Work to complete >> Go to the line holding "In a peaceful" in the data below and repeat it exactly, then each line after it up to and including the one holding "商学院2019级国际经济与贸". Omit pictures.

Data records >>
- - - - -

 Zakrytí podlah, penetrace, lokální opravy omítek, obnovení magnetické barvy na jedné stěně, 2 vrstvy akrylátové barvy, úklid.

- - - - -

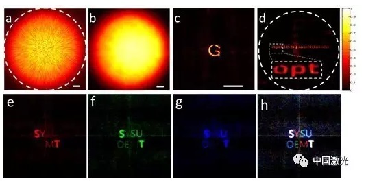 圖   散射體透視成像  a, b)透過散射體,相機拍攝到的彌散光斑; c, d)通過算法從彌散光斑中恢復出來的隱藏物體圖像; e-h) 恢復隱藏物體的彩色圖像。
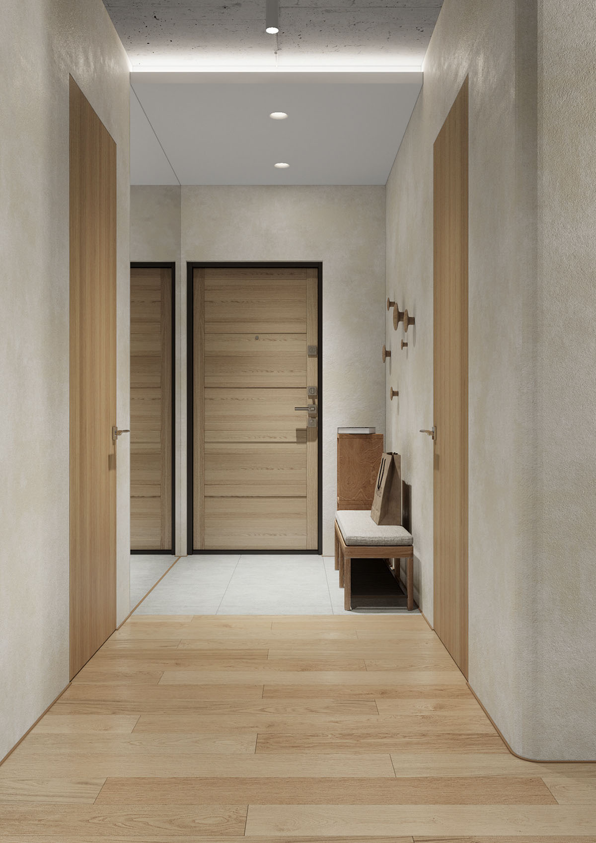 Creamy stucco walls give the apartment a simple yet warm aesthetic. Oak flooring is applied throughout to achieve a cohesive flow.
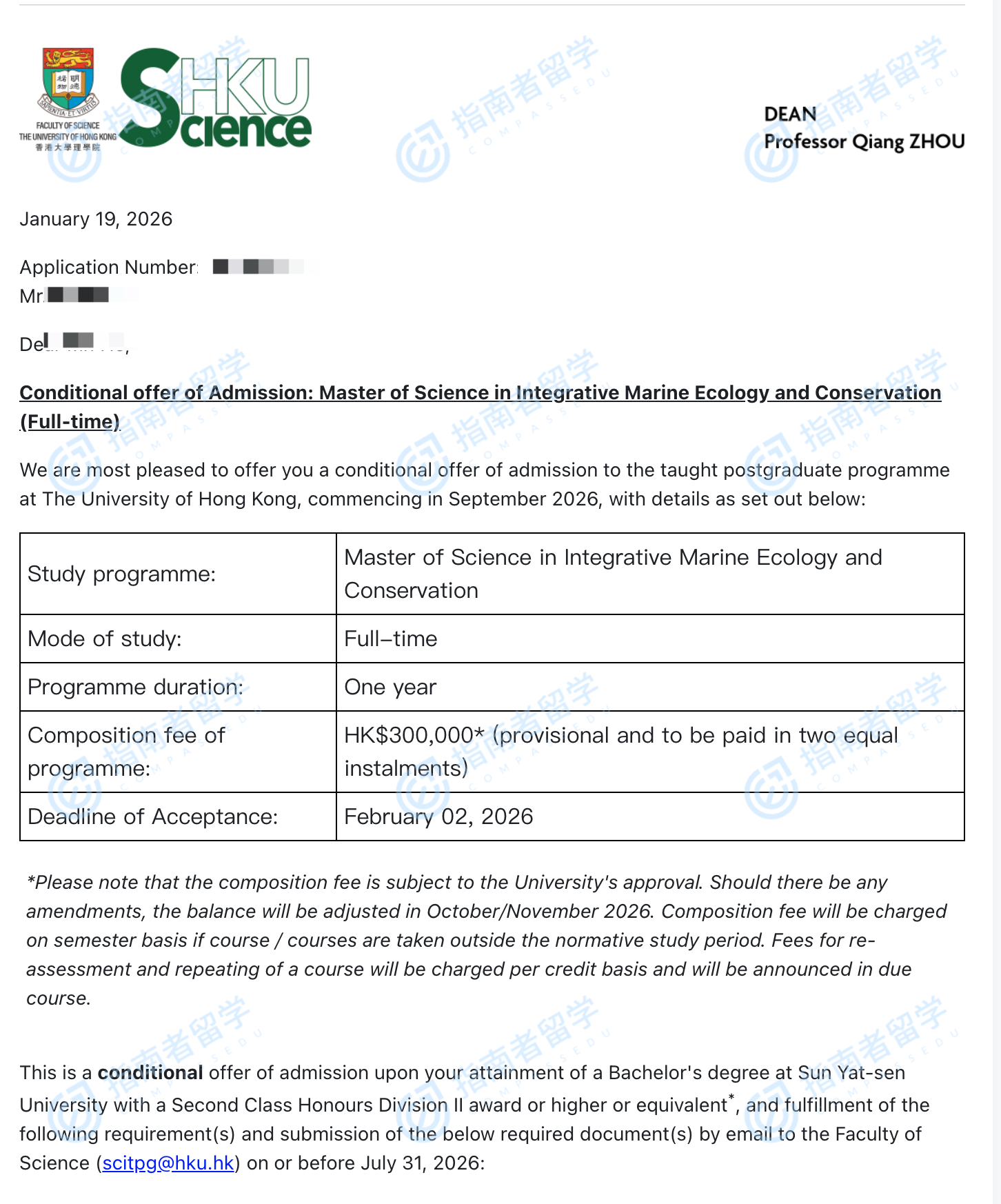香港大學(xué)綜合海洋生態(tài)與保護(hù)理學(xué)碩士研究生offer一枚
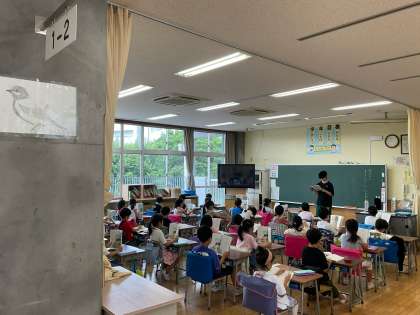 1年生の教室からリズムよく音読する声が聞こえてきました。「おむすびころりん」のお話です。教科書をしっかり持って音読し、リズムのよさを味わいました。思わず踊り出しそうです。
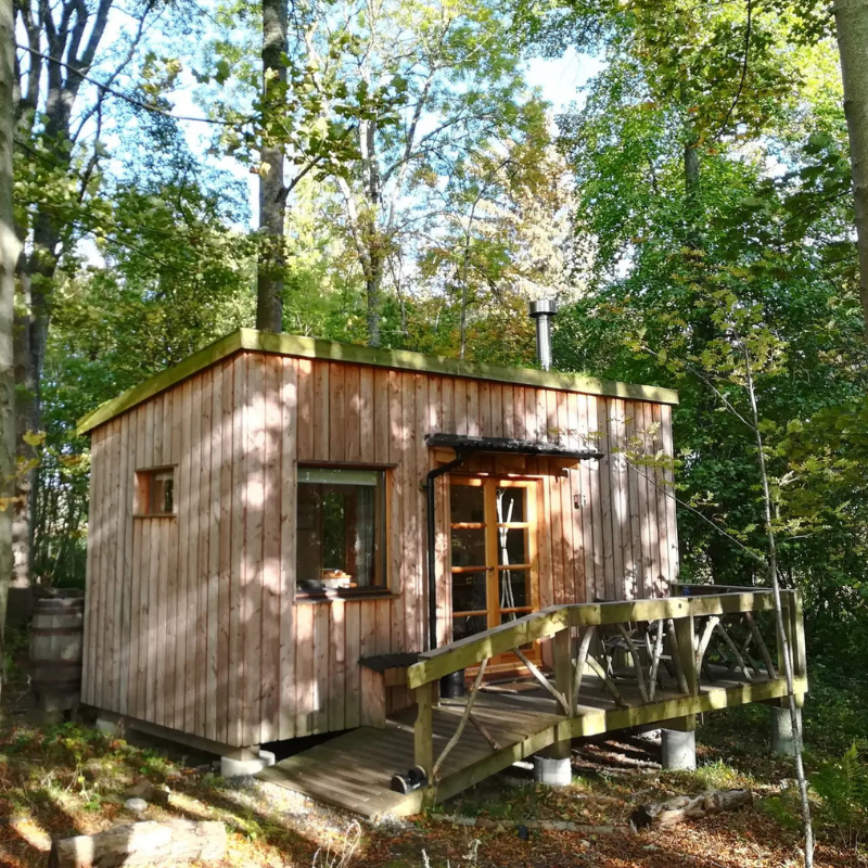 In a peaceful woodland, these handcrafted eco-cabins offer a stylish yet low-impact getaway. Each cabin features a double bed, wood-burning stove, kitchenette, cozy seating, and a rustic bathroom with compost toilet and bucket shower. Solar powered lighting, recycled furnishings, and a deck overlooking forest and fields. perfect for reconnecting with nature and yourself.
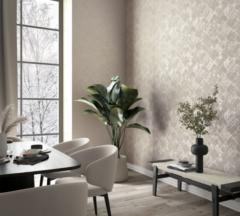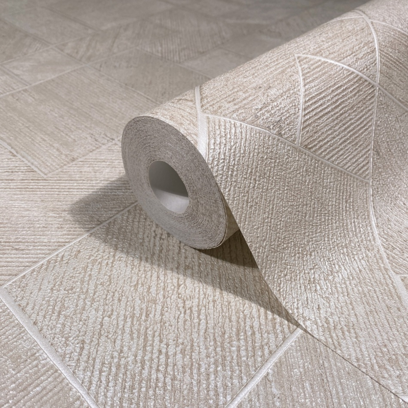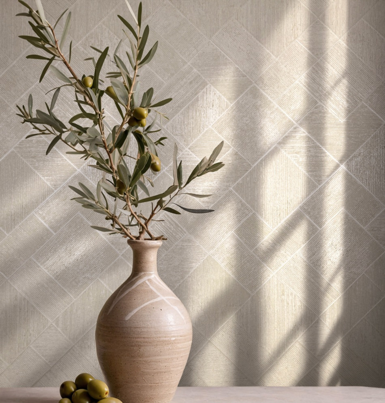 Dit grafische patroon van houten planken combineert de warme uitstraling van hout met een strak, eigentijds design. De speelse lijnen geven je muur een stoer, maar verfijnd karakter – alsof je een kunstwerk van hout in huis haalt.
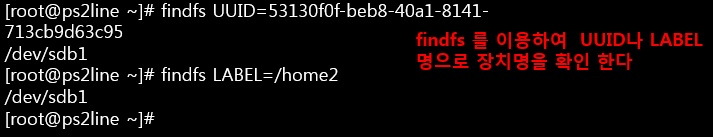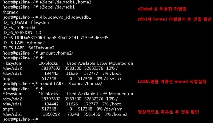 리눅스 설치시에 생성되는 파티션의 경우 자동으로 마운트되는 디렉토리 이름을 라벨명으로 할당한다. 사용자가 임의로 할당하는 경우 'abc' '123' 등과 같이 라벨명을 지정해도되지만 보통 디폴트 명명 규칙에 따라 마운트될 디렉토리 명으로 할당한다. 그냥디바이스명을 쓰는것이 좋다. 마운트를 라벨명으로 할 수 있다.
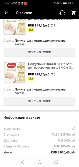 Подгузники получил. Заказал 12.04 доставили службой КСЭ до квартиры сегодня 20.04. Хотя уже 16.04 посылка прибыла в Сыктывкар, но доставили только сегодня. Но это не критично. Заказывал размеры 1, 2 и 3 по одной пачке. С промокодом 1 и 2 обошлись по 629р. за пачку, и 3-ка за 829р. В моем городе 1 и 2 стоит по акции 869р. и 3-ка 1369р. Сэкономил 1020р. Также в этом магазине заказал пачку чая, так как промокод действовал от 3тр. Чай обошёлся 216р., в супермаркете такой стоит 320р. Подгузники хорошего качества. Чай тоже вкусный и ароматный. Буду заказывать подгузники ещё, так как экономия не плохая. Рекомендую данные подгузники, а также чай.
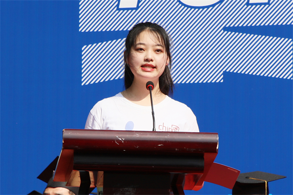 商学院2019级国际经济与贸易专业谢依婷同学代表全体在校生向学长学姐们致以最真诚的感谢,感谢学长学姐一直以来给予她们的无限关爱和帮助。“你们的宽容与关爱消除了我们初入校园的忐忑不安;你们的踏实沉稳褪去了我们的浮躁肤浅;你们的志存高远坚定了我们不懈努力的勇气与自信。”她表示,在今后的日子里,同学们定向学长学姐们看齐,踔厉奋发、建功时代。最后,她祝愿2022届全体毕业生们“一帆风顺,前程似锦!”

- - - - -

Exercise answer >>
 In a peaceful woodland, these handcrafted eco-cabins offer a stylish yet low-impact getaway. Each cabin features a double bed, wood-burning stove, kitchenette, cozy seating, and a rustic bathroom with compost toilet and bucket shower. Solar powered lighting, recycled furnishings, and a deck overlooking forest and fields. perfect for reconnecting with nature and yourself.
 Dit grafische patroon van houten planken combineert de warme uitstraling van hout met een strak, eigentijds design. De speelse lijnen geven je muur een stoer, maar verfijnd karakter – alsof je een kunstwerk van hout in huis haalt.
 리눅스 설치시에 생성되는 파티션의 경우 자동으로 마운트되는 디렉토리 이름을 라벨명으로 할당한다. 사용자가 임의로 할당하는 경우 'abc' '123' 등과 같이 라벨명을 지정해도되지만 보통 디폴트 명명 규칙에 따라 마운트될 디렉토리 명으로 할당한다. 그냥디바이스명을 쓰는것이 좋다. 마운트를 라벨명으로 할 수 있다.
 Подгузники получил. Заказал 12.04 доставили службой КСЭ до квартиры сегодня 20.04. Хотя уже 16.04 посылка прибыла в Сыктывкар, но доставили только сегодня. Но это не критично. Заказывал размеры 1, 2 и 3 по одной пачке. С промокодом 1 и 2 обошлись по 629р. за пачку, и 3-ка за 829р. В моем городе 1 и 2 стоит по акции 869р. и 3-ка 1369р. Сэкономил 1020р. Также в этом магазине заказал пачку чая, так как промокод действовал от 3тр. Чай обошёлся 216р., в супермаркете такой стоит 320р. Подгузники хорошего качества. Чай тоже вкусный и ароматный. Буду заказывать подгузники ещё, так как экономия не плохая. Рекомендую данные подгузники, а также чай.
 商学院2019级国际经济与贸易专业谢依婷同学代表全体在校生向学长学姐们致以最真诚的感谢,感谢学长学姐一直以来给予她们的无限关爱和帮助。“你们的宽容与关爱消除了我们初入校园的忐忑不安;你们的踏实沉稳褪去了我们的浮躁肤浅;你们的志存高远坚定了我们不懈努力的勇气与自信。”她表示,在今后的日子里,同学们定向学长学姐们看齐,踔厉奋发、建功时代。最后,她祝愿2022届全体毕业生们“一帆风顺,前程似锦!”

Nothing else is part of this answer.